Chaque adjudication se termine par un paiement immédiat. Au fil de la journée, les espèces s’accumulent au rythme des ventes. Véhicules, marchandises diverses, engins… Pour les seuls biens les plus convoités, plusieurs dizaines de millions de francs fcfa peuvent être réglés en quelques heures. Une question s’impose alors : quel est le circuit suivi par cet argent une fois remis aux organisateurs ?
Dans toute administration publique, la gestion des recettes obéit normalement à une chaîne précise. Entre le moment où un usager verse une somme et celui où cette recette est définitivement enregistrée dans les comptes de l’État interviennent plusieurs acteurs, dont le comptable public. Cette séparation entre l’ordonnateur et le comptable constitue l’un des principes fondamentaux de la gestion des finances publiques. Pourtant, dans le cas des enchères organisées par les Douanes, les informations rendues publiques s’arrêtent au paiement par l’acquéreur. Elles ne détaillent pas la suite du circuit financier.
Les communications officielles ne précisent pas qui reçoit matériellement les espèces, quel service en assure la garde, à quel moment elles sont déposées auprès du comptable public compétent ni sous quelle forme elles rejoignent les comptes du Trésor. Là encore, cette absence d’information ne signifie pas que les procédures n’existent pas. Elle signifie simplement qu’elles ne sont pas expliquées. Or, plus les montants en jeu sont élevés, plus la transparence sur les mécanismes de sécurisation devient importante pour renforcer la confiance dans l’opération.
Cette question prend une dimension particulière au regard des réformes engagées par le Gabon en matière de gouvernance financière. Les administrations mettent régulièrement en avant la numérisation des procédures, l’amélioration de la traçabilité des recettes et le renforcement des contrôles internes. Les ventes aux enchères constituent, elles aussi, une opération de mobilisation de ressources publiques.
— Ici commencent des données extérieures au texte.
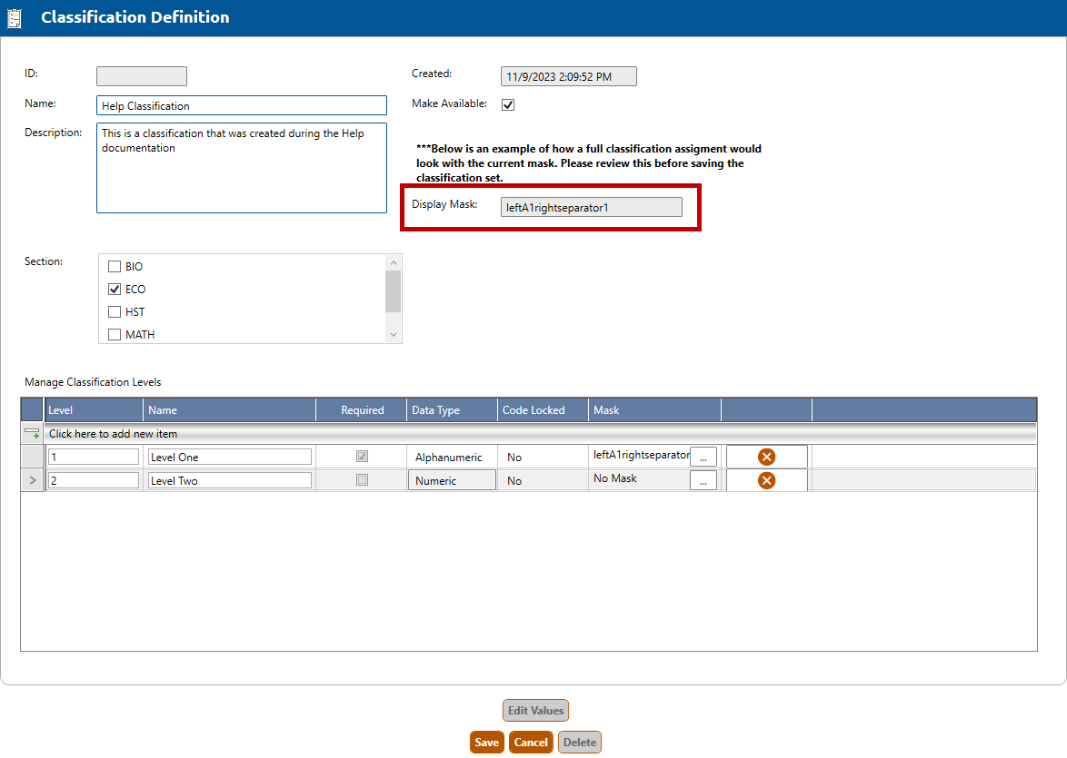 13. Click the Save button to save the new classification definition.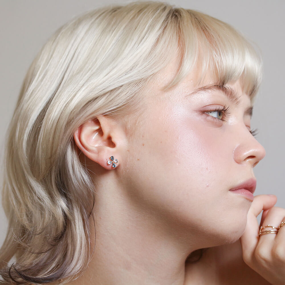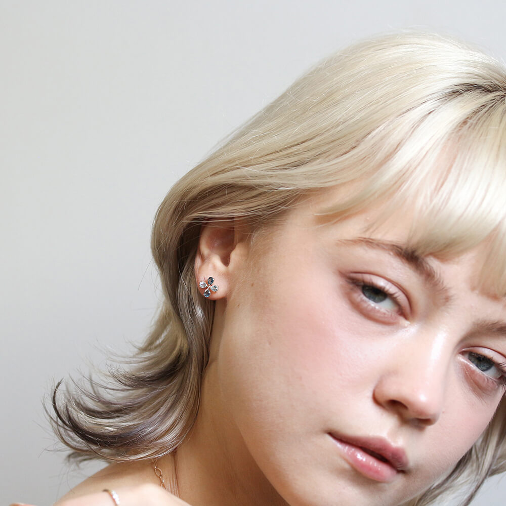 耳に乗せたフラワーが明るい輝きを見せ気分を上げてくれるアイテムに。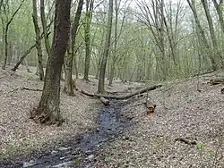 - Zamczysko – system dolinek oraz erozyjna ostroga wysoczyznowa ze średniowiecznym grodziskiem; w dnach dolinek łęgi strumykowe (olszowe), na zboczach i na wysoczyźnie lasy dębowe i sosnowe na siedliskach grądowych;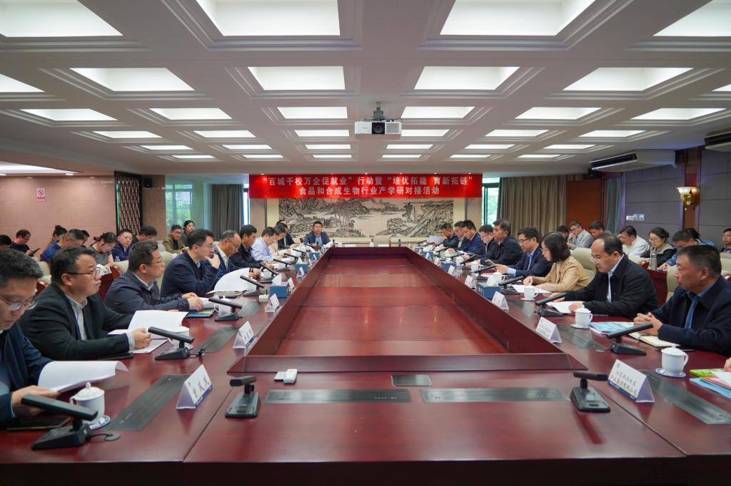 4月8日下午,由省工商联、省教育厅、省人社厅主办,江南大学、无锡市工商联承办,江苏省食品科学与技术学会协办的“百城千校万企促就业”行动暨“培优拓能 育新拓链”食品和合成生物行业产学研对接活动在行政楼B305会议室举行。省政协副秘书长、省工商联副主席胡明,省教育厅学生处二级调研员金剑,省劳动就业管理中心副主任吴昊,无锡市工商联副主席季超等出席会议,校党委常委、副校长戴月波致欢迎辞。来自省内41家食品、合成生物领域企业的负责人,食品学院、生物工程学院相关科研团队负责人和教师代表参会。校党委常委、统战部部长朱飞主持对接活动。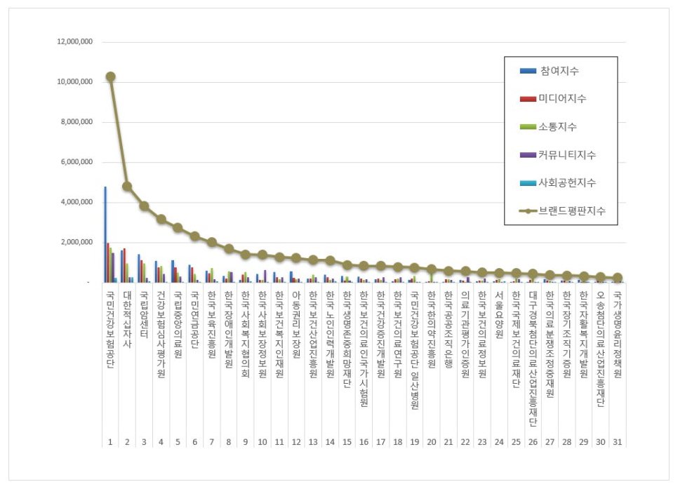 1위, 국민건강보험공단 브랜드는 참여지수 4,798,080 미디어지수 1,984,755 소통지수 1,753,982 커뮤니티지수 1,491,205 사회공헌지수 243,968이 되면서 브랜드평판지수 10,271,990으로 분석됐다. 지난 1월 브랜드평판지수 10,780,652와 비교해보면 4.72% 하락했다.

Elles pourraient donc être l’occasion de montrer concrètement comment ces principes sont appliqués lorsqu’il s’agit d’encaisser des sommes importantes issues de la cession de biens appartenant à l’État.
Les Douanes pourraient utilement préciser plusieurs points : quel est le circuit exact des recettes entre l’adjudication et leur inscription dans les comptes publics ? Le Trésor est-il représenté sur le site ou intervient-il à une étape ultérieure ? Les encaissements font-ils l’objet d’un rapprochement quotidien entre les biens vendus, les montants perçus et les sommes reversées ? Enfin, les résultats financiers de cette vente, nombre de lots vendus, recettes encaissées et montant reversé au Trésor, seront-ils publiés à son terme ? Autant de réponses qui permettraient de transformer une opération aujourd’hui perçue comme opaque en un exemple de bonne gouvernance financière.